Task brief
Apart from the pictures, every line below is to be set down exactly.

Supplied material
::::::::

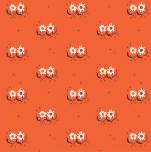 Cute dancing flowers on a deep orange background.
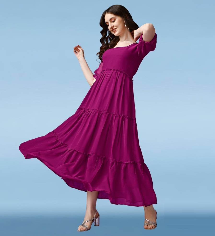 Solid Georgette Stitched Flared/A-line Gown (Purple)
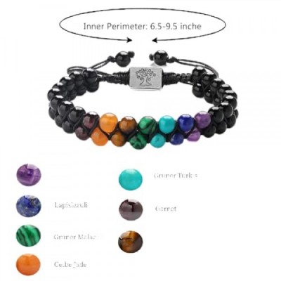 QINJIEJIE 7 차크라 정품 천연석 팔찌 여성 생명의 나무 진주 팔찌 차크라 보석 요가 팔찌 남성과 여성을위한 다채로운 더블 팔찌 Reiki 보석
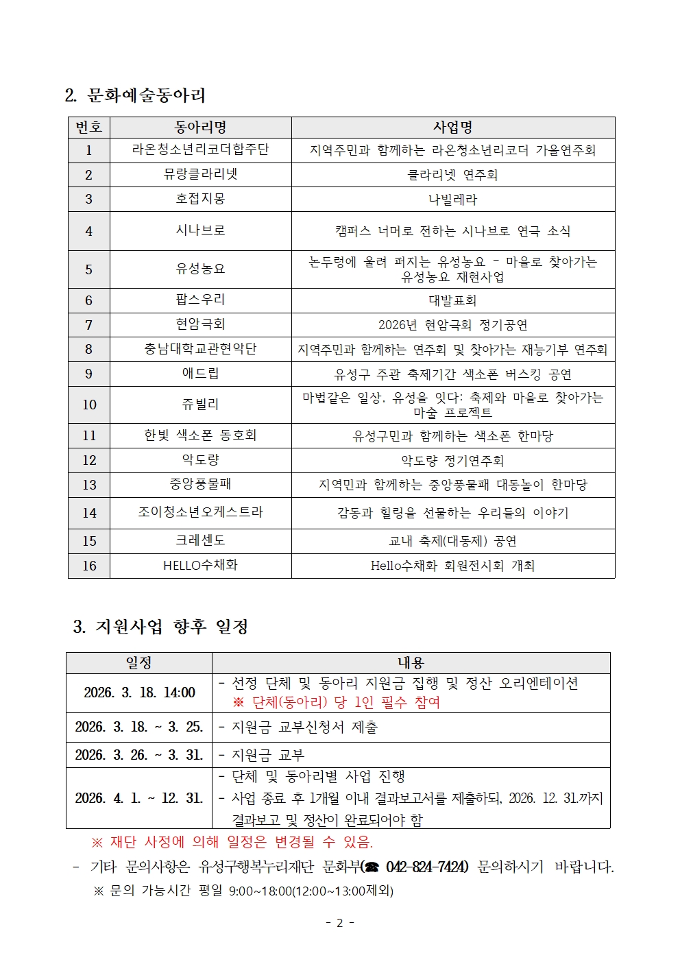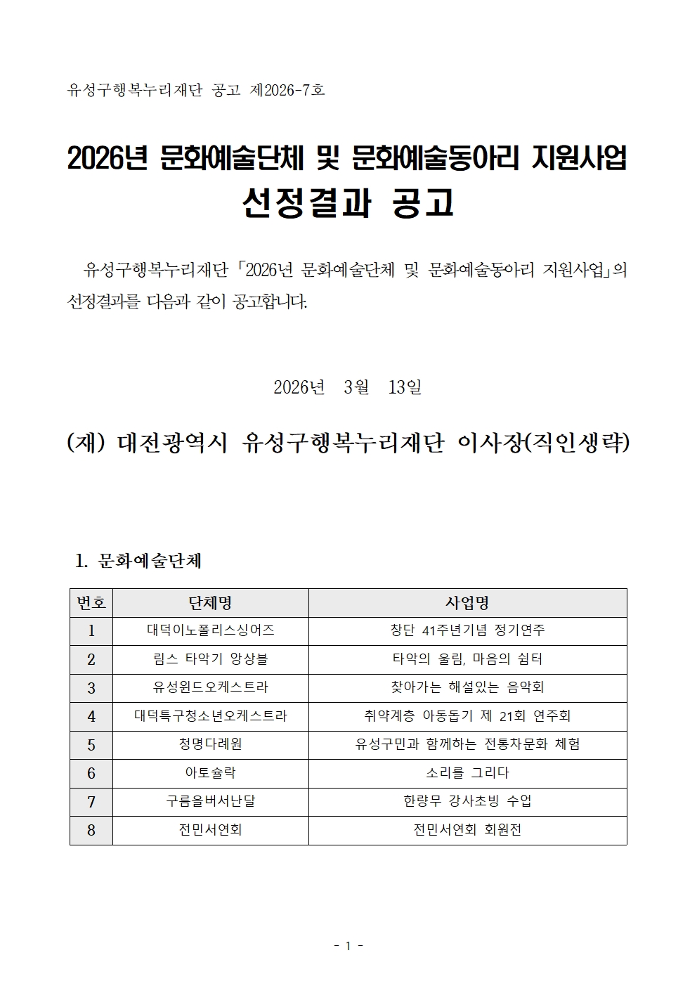 2026년 문화예술단체 및 문화예술동아리 지원사업 선정결과 공고

::::::::

Expected output
 Cute dancing flowers on a deep orange background.
 Solid Georgette Stitched Flared/A-line Gown (Purple)
 QINJIEJIE 7 차크라 정품 천연석 팔찌 여성 생명의 나무 진주 팔찌 차크라 보석 요가 팔찌 남성과 여성을위한 다채로운 더블 팔찌 Reiki 보석
 2026년 문화예술단체 및 문화예술동아리 지원사업 선정결과 공고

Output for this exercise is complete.